Calculation of exhaust press mechanism - DBE, Drawings

Contents

Task

Introduction

1. Kinematic Mechanism Analysis

1.1. Design of crank-slider mechanism

1.2. Structural study of the mechanism

1.3. Building a Mechanism Diagram

1.4. Build mechanism speed plans

1.5. Build mechanism acceleration plans

1.6. Flywheel Calculation

2. Power calculation of lever mechanism

2.1. Determination of driving force P (force of gas pressure on piston)

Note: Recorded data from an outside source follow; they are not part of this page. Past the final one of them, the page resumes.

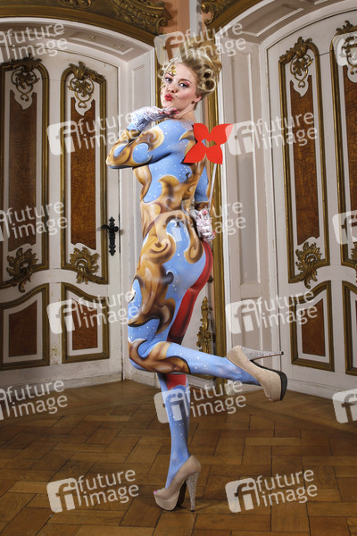 Barock Bodypainting mit Model Daniela im Schloss Hasperde. Hasperde, 25.02.2014 - Body Paint Künstler: Jörg Düsterwald, Frisur und Make-up: Janina Horstmann
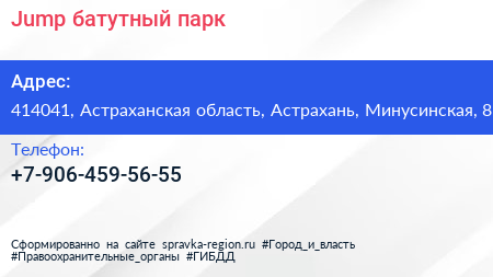 Jump, батутный парк по адресу 414041, Астраханская область, Астрахань, Минусинская, 8 в дальнейшем Организация, размещена в следующих категориях:
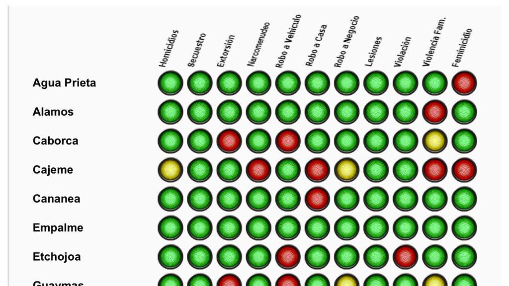 Ciudad Obregón, Sonora a 27 de Enero de 2024.- De los once delitos que mensualmente analiza y contabiliza el semáforo delictivo, en cuatro de ellos Cajeme se encuentra en focos rojos, en cinco en verde y en dos en amarillo.
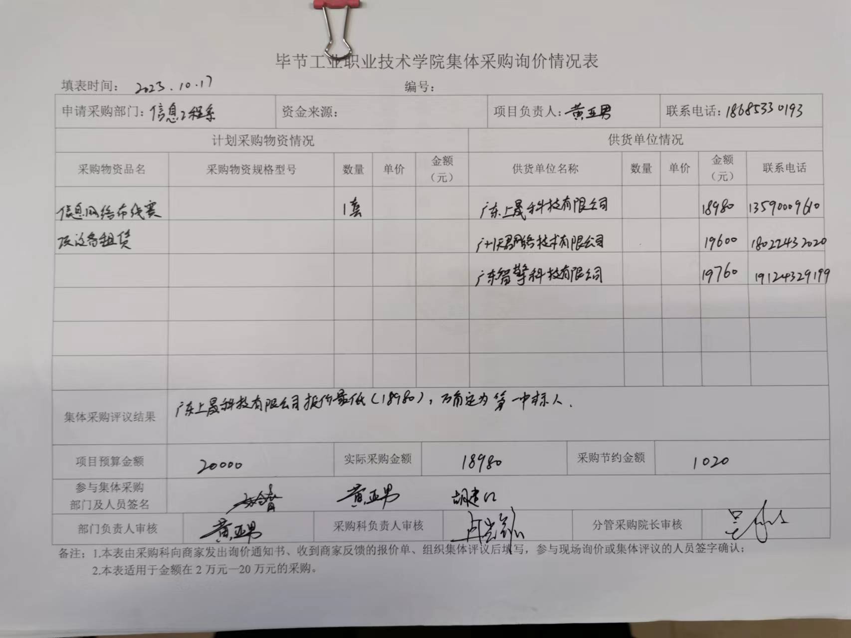 畢節(jié)市第二屆職業(yè)技能大賽信息工程系承辦賽項耗材采購詢價結果公示
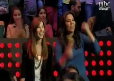 وسلط المخرج الكاميرا على نانسي عجرم بينما كان يعلن مقدم البرنامج محمد كريم عن تواجدها برفقة مدير أعمالها جيجي لامارا، وسط تشجيع كبير من الجمهور.
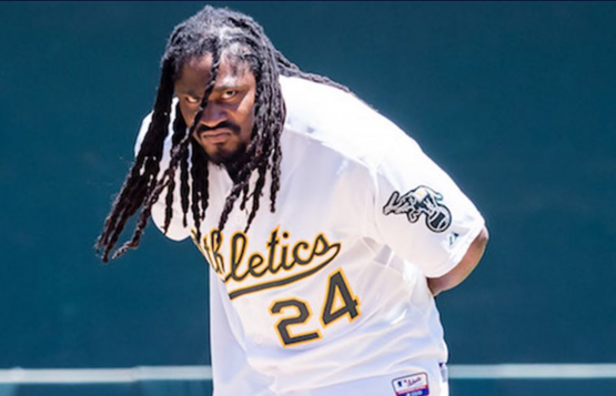 Marshawn Lynch throws out first pitch at A’s game (VIDEO)
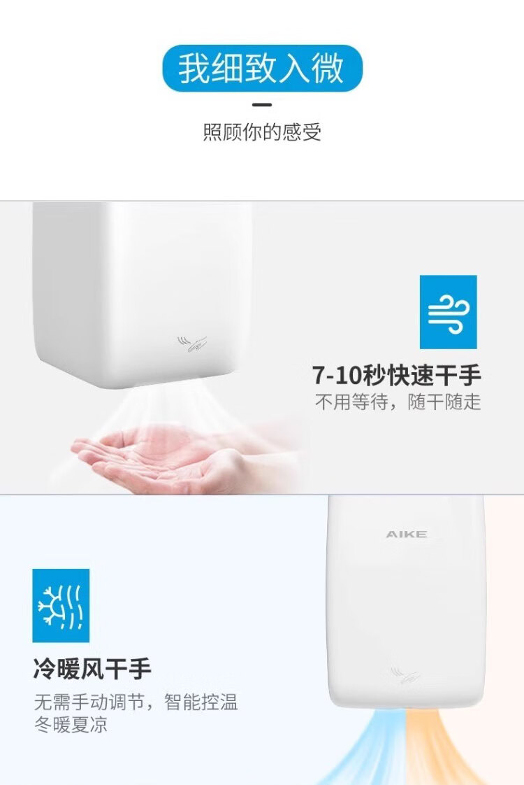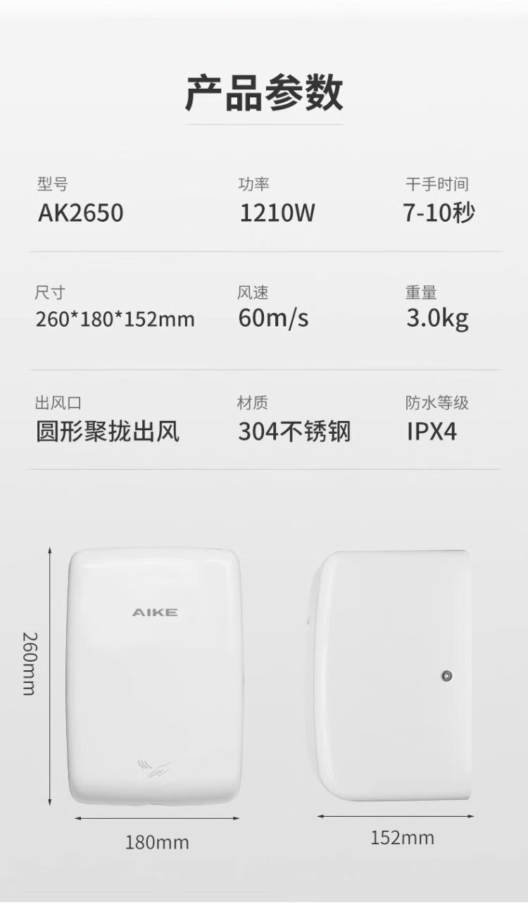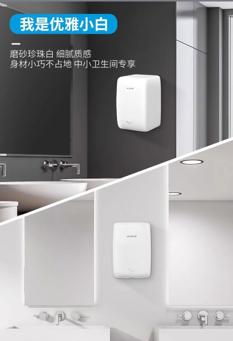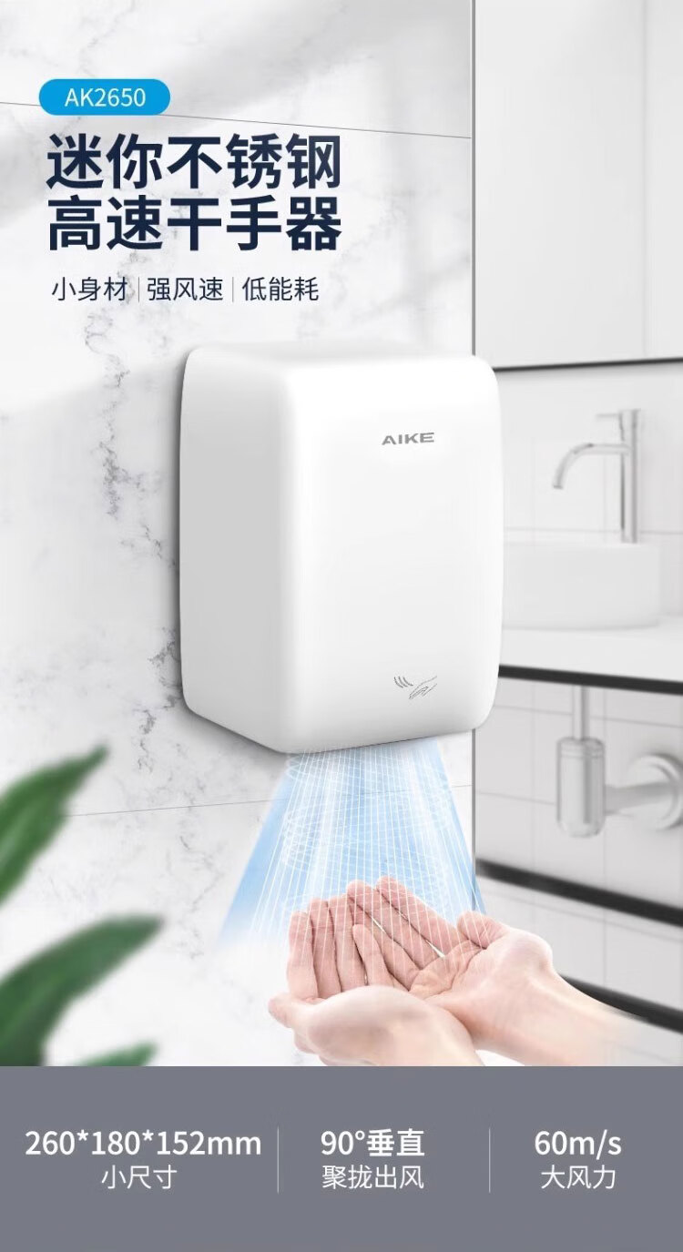艾克(AIKE)AK2650 干手器烘手机 不锈钢防水 卫生间厨房餐厅干手机 全自动感应吹手烘干手机 小型智能冷热风 白色
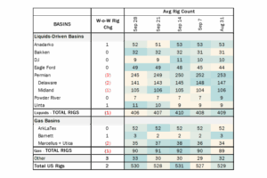 The total US rig count increased during the week of Sept. 28 to 530. Liquids-driven basins decreased 1 rig W-o-W from 407 to 406.
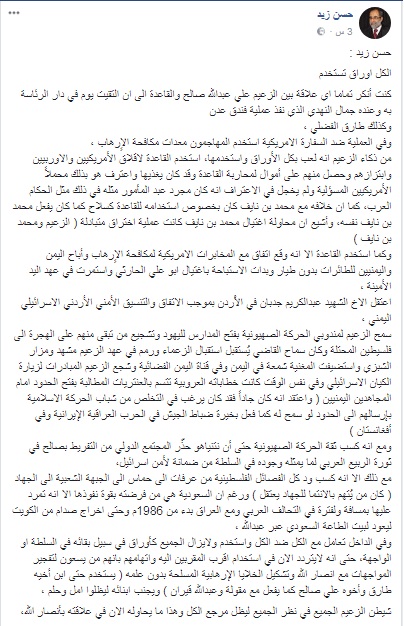 في أعنف هجوم حوثي على المخلوع ، نشر القيادي الحوثي حسن زيد منشورا على صفحته على الفيس بوك اتهمه فيه صالح بصناعة الارهاب في اليمن.
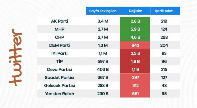 Ana muhalefet partisi CHP, rapora göre siyasi partilerin X'teki performansını gösteren tabloda da en aktif parti olmayı elden bırakmıyor. Buna göre temmuz ayında 219 paylaşımda bulunan AKP, 298 paylaşımda bulunan CHP'nin gerisinde kaldı. Buna karşılık AKP'nin 3.4 milyon, CHP'nin ise 2.7 milyon takipçisi bulunuyor.
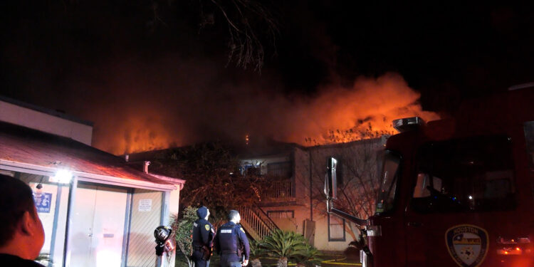 HOUSTON — Dozens of residents were displaced after a large apartment fire damaged more than a dozen units at a southwest Houston complex early New Year’s Day.
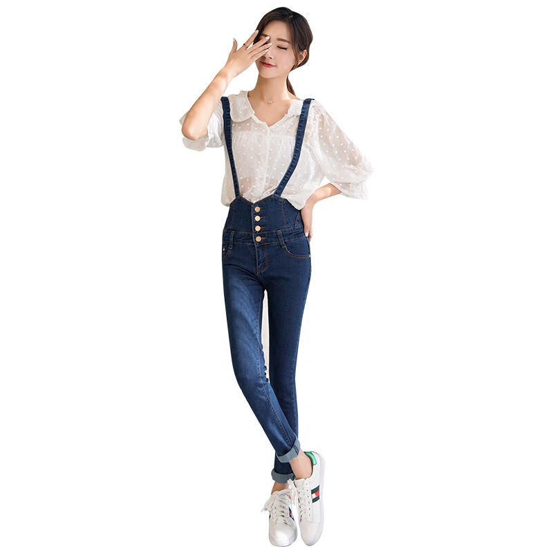 European high-waist jeans with pants Han edition spring and summer new large-scale elastic tight weight slim tight leg pants
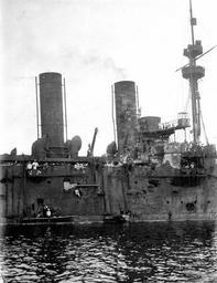 | Keywords: RossiaSideDamage.jpg en Close-up of amidships damage suffered by the Russian armored cruiser Rossia during the Battle of Ulsan ru Пов еждения б оненосного к ейсе а Россия после боя 1 августа 1904 года http //books google com/books id x71MAAAAYAAJ printsec frontcover dq klado ei LvPcS-PeEIPclQTw1J2fCA cd 1 v onepage q f false<br />http //tsushima su/uploads/photoarhiv/ships/russia/epoch_bron/brkr/rossia/photo/04 jpg Author 1904-08-01 PD-old-100 Rossiya ship 1896 | ||||
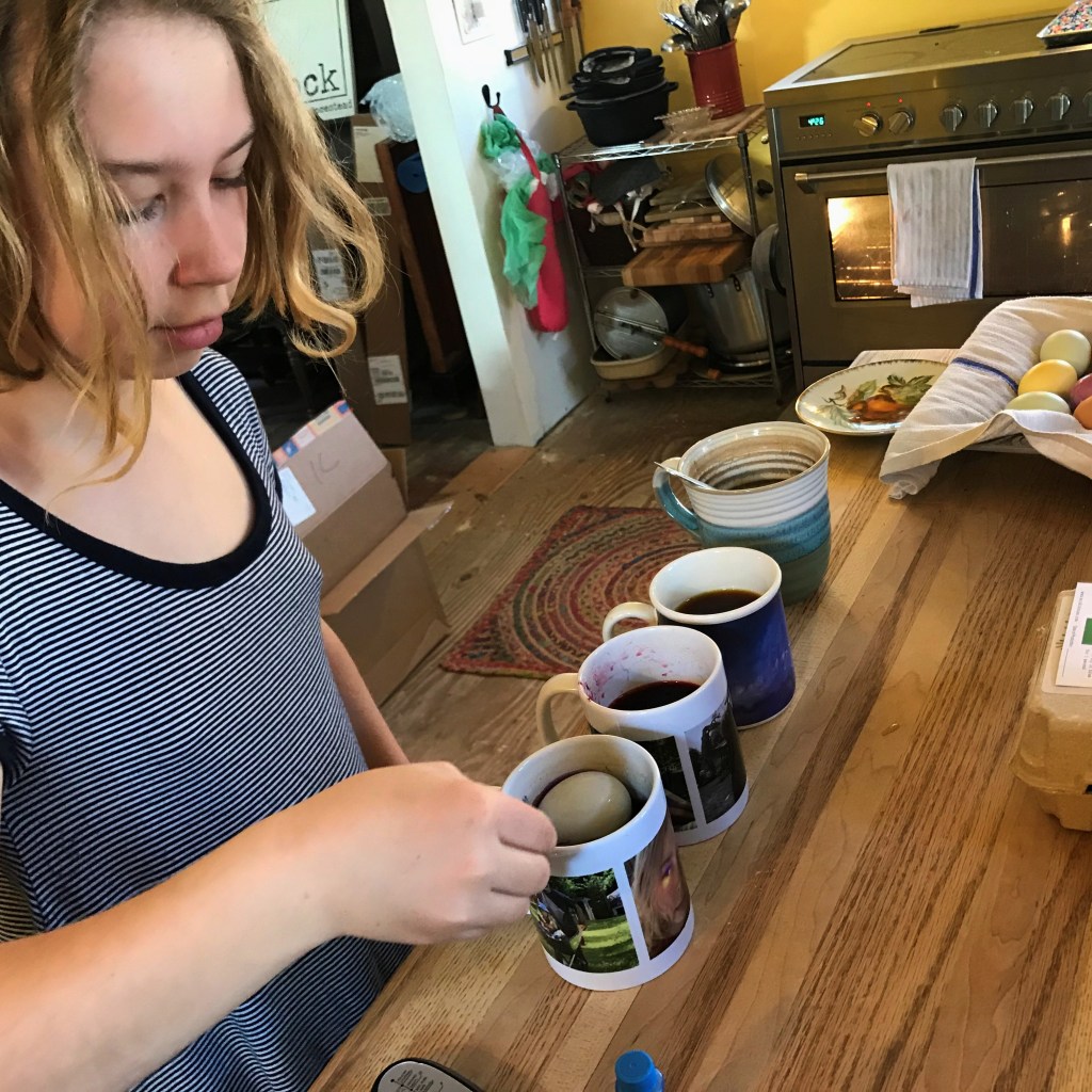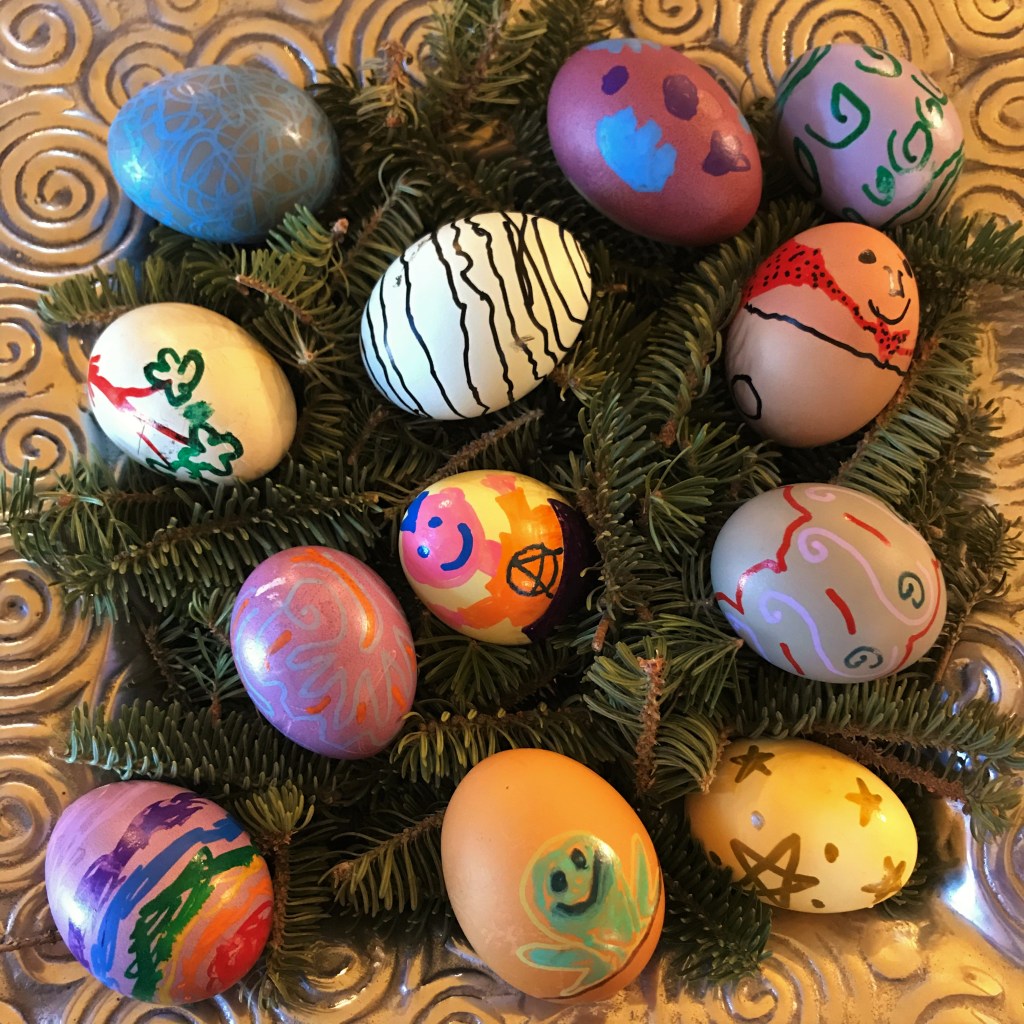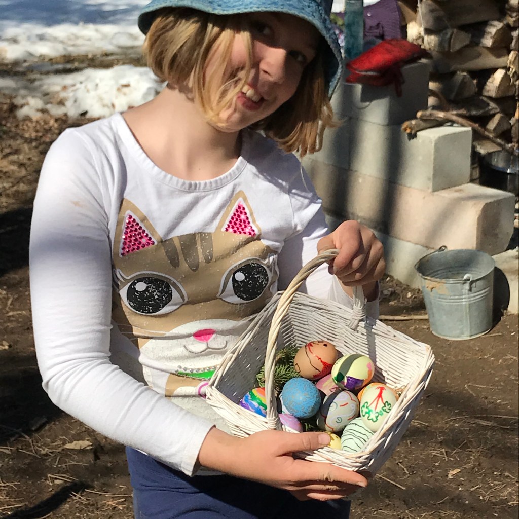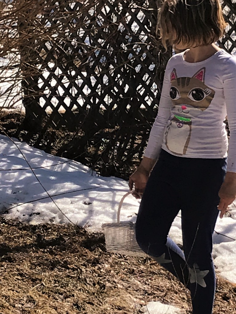 Ever since she was a small pea Duende has loved to hunt for things – and eggs for Spring is a special treat. Most of her egg-searching career has been inside our various homes because this is Maine and outside is generally covered in snow during the Vernal Equinox. She doesn’t just search once, she has us hide them again and again (one year she hid them from herself and couldn’t find them! I think the year before last her and her friend Pear hid them from each other and spent the afternoon searching…too funny). This year she had an inside (because after decorating them she just couldn’t wait) and an outside search (multiple on both).

2.2. Defining Link Inertia Forces

2.3. Definition of reactions in kinematic pairs of Assur II class groups of the 2nd form

2.4. Power calculation of the mechanism driving link

2.5. Determination of balancing force by the Zhukovsky method

3. Design of cam mechanism with translational pusher

3.1. Defining Minimum Cam Radius Rmin

3.2. To Create a Cam Profile

4. Planetary Mechanism and Gear Design

4.1. Kinematic study of the planetary mechanism

4.2. Planetary mechanism design

4.3. Involute Engagement Design

List of literature

Introduction

The object of the study is the mechanisms of the exhaust press .

The mechanisms of the exhaust press include various mechanisms from which to study - lever, gear, planetary and cam.

The lever mechanism serves to convert the reciprocating movement of the slider 5 from the rotational movement of the crank 1.

From the crank, rotational motion is transmitted through the gearing z1 and z2. In lever mechanisms angular velocity is unstable and flywheel is installed on crank shaft for more uniform movement.

To control the clamping of parts, a cam mechanism is used, which is used to convert rotational motion into translational motion of the driven link.

3.2. To Create a Cam Profile

From an arbitrary point O, we draw a circle of radius Rmin. From point 0 up, we postpone the movements of the pusher taken from the graph. Get points 1, 2, 3.... 15, 18. The farthest point 9 is connected by a straight line to the point O and this radius conducts a circle. From the line O-9 we lay phase angles fu = 65 °, ° and = 65 °. Angles must be set aside against cam rotation. Circular arcs. corresponding to the phase angles fu and divided into 9 equal parts, we obtain respectively points 1 *, 2 *,.... 8,*, 9*. 10*, . . . ,18*. These points are connected to the center of O. Then, from point O (center of cam rotation), we conduct arcs with radii O1, O2, O3, etc., before intersecting with the corresponding segments. Get points 10, 20, 3o,..., 18o. By connecting these points of a smooth curve, we get a theoretical cam profile.